The long-term outcomes of patients who develop venous ulcers are sobering. Venous ulcers, once established, have high rates of recurrence even after initial healing — studies report one-year recurrence rates of twenty to forty percent, and five-year recurrence rates of up to seventy percent without ongoing maintenance compression therapy. Each recurrence episode carries risk of wound infection, prolonged healing time, and further tissue damage that compounds with each episode. The cumulative burden over a lifetime of recurrent ulceration is substantial.

Deep vein thrombosis, even when treated and apparently resolved, carries long-term consequences that research has increasingly clarified. Post-thrombotic syndrome — a condition of chronic venous hypertension resulting from vein damage sustained during the acute thrombotic episode — develops in up to fifty percent of patients with proximal DVT, even those who receive appropriate anticoagulation therapy. Its manifestations — chronic leg pain, swelling, skin changes, and ulceration — mirror those of primary venous insufficiency and can be equally disabling.

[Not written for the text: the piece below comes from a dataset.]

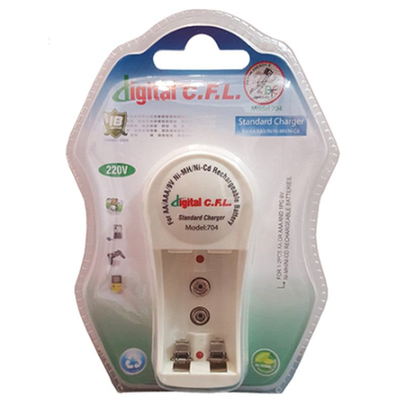 شارژر چند کاره مارک Digital CFL چهار تایی باتری های قلمی AA ، نیم قلمی AAA ، کتابی 9V است. شارژر باتری قلمی و نیم قلمی و کتابی دوتایی CFL و مناسب برای باتری های نیکل - متال هیدرید (Ni-MH) و نیکل - کادمیوم (Ni-Cd) و قابلیت شارژ همزمان 1 یا 2 باتری قلمی یا نیم قلمی را دارد. ولتاژ ورودی100 الی 240 ولت AC با فرکانس 50 یا 60 هرتز و ولتاژ خروجی 1.4 ولت DC با 120 میلی آمپر می باشد.

The economic burden of untreated venous disease is also quantifiable and substantial. Venous ulcer care is enormously resource-intensive, with patients requiring frequent dressing changes, nursing visits, and specialist appointments over prolonged periods. The indirect costs of reduced productivity, impaired mobility, and recurrent hospitalization for wound infections add further to the overall economic impact. Research consistently demonstrates that the cost of treating venous disease at its early stage — with relatively simple and inexpensive interventional procedures — is substantially lower than the cost of managing the complications of untreated disease.